## TO DO
Retype exactly the lines of the listing below from the one with "Référence déclinaison : 96 52NR 18D-2-F" through the last, both included, and leave every picture out.

━━━━━ SOURCE DATA

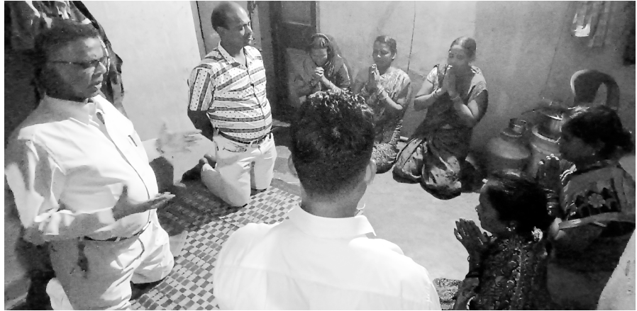
ବଡ଼ଦିନ ସମୟରେ ଆମ ବରିଷ୍ଠ ପାଳକଙ୍କର କ୍ଷେତ୍ର-ସେବାକାର୍ଯ୍ୟ

Our Ministries: ✨ ECHO OF HIS CALL Monthly Magazines (16 languages) ✨ BIBLECOR - Postal Courses (3 languages) ✨ YouTube Ministry ✨ Online Courses ✨ Theological Correspondence Courses (2 languages) ✨ Church Planting ✨ Nehemiah Bible Colleges ✨ Gospel Printing Press ✨ Great Commission Partners ✨ St. Paul's Matriculation School ✨ Crusades ✨ Community Development
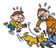
飼い犬が他人に噛みついて ケガを負わせた
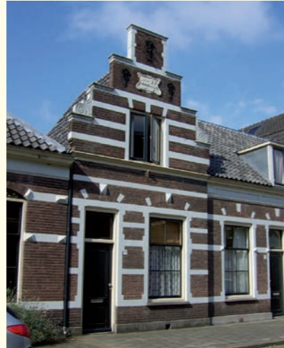
Kamer van Hoogelanden

Statuten of een stichtingsacte zijn niet bekend. Wel bekend is een transportacte van 25 juni 1715, waarbij aan het gerecht
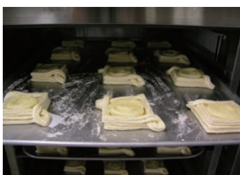
急速冷凍中のホイロ後冷凍デニッシュ ホイロ出し率は約80%で急速冷凍
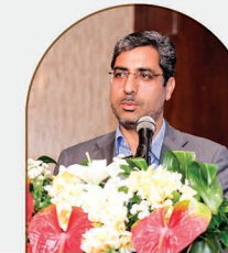
علی رسولیان معاون وقت اقتصادی استاندار خراسان رضوی
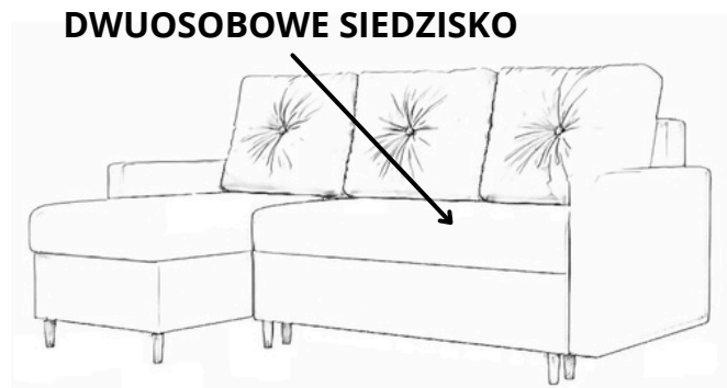
LEWOSTRONNY (otomana z lewej strony)
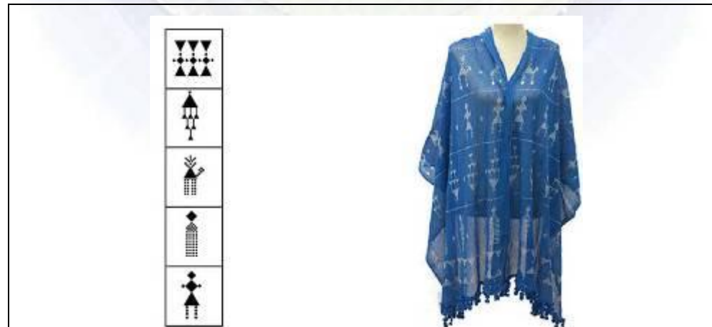
جدول رقم (٤) يوضح: أبجدية الأشكال والرموز المستخدمة في التطريز للشكل رقم (٤) - من عمل الباحثة
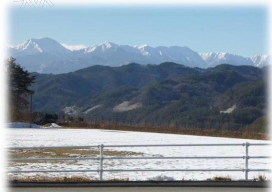
会田中学校校庭から望む北アルプス
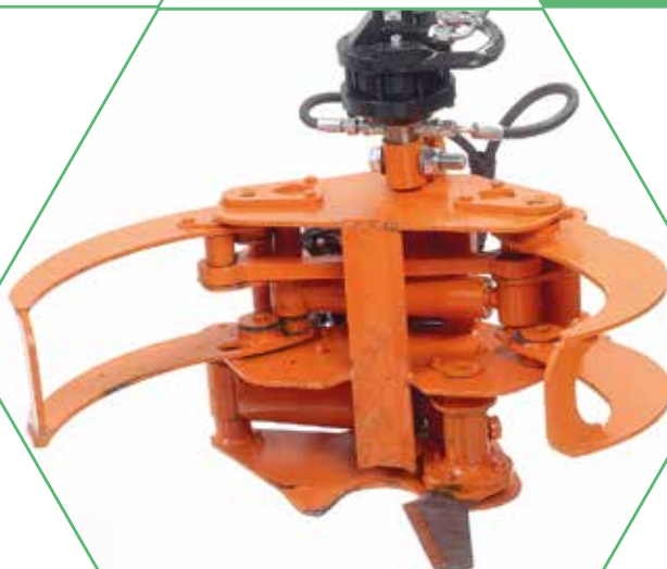
Forest Pro -energiakoura
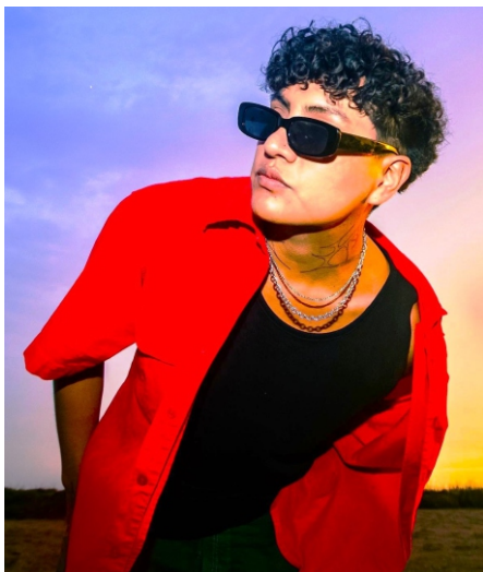
Skillbea, en la vanguardia de los estrenos.
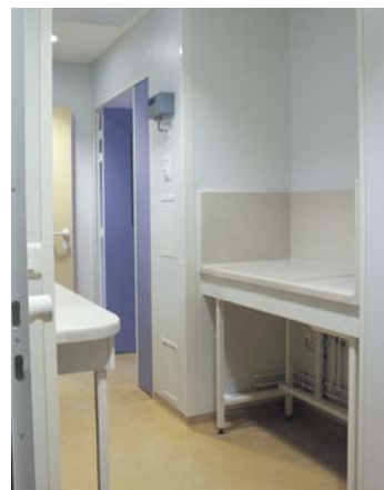
12 SALLES STÉRILES, PITIE SALPETRIERE / 12 STERILE AREAS AT THE PITIE SALPETRIERE HOSPITAL

La maîtrise des infections croisées et nosocomiales requiert une approche pluridisciplinaire. La technologie de LSB® permet de répondre efficacement aux normes d'hygiène de l'environnement médical en conformité avec les recommandations du CLIN (Comité de Lutte contre les Infections Nosocomiales). LSB® met en œuvre le TRESPA et le CORIAN depuis plus de 20 ans. Notre technologie, nos équipements numériques et la compétence de nos compagnons vous assurent une réalisation de qualité bénéficiant de la garantie des fournisseurs TRESPA et DUPONT DE NEMOURS.
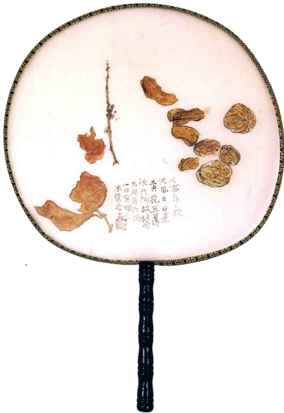
只向故枝开 23cm×24cm 2009年
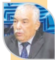
■ لعل بوخالفة

وكما أنه في إطار تنفيذ برنامج رئيس الجمهورية، يمكن فقط تخصيص 1,5 مليون هكتار لزراعة الشوفان من المساحات الشاسعة التي أعلن عليها رئيس الجمهورية،
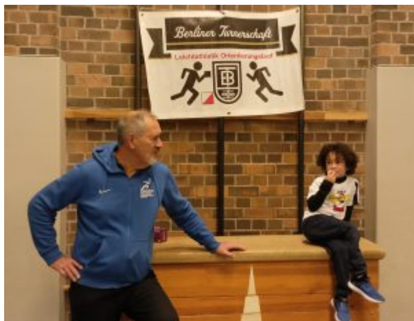
BT LA Neujahrsfeier24

BT_8.März BT-LA Abteilungsversammlung, siehe PDF Tagesordnung/ Einladung BT-LA-Jahreshauptversammlung24
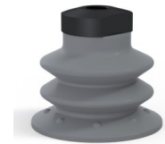
Référence déclinaison : 96 52NR 18D-2-F
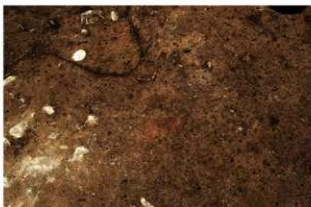
S164 炉検出状況(西から)
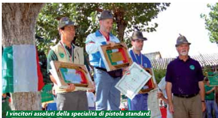
I vincitori assoluti della specialità di pistola standard.
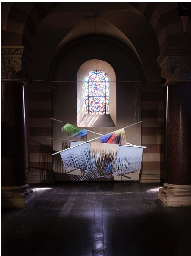
Cutted, Installation von Nicola Schudy in der Pauluskirche

━━━━━━━━━━

## COMPLETED TASK
Référence déclinaison : 96 52NR 18D-2-F
S164 炉検出状況(西から)
I vincitori assoluti della specialità di pistola standard.
Cutted, Installation von Nicola Schudy in der Pauluskirche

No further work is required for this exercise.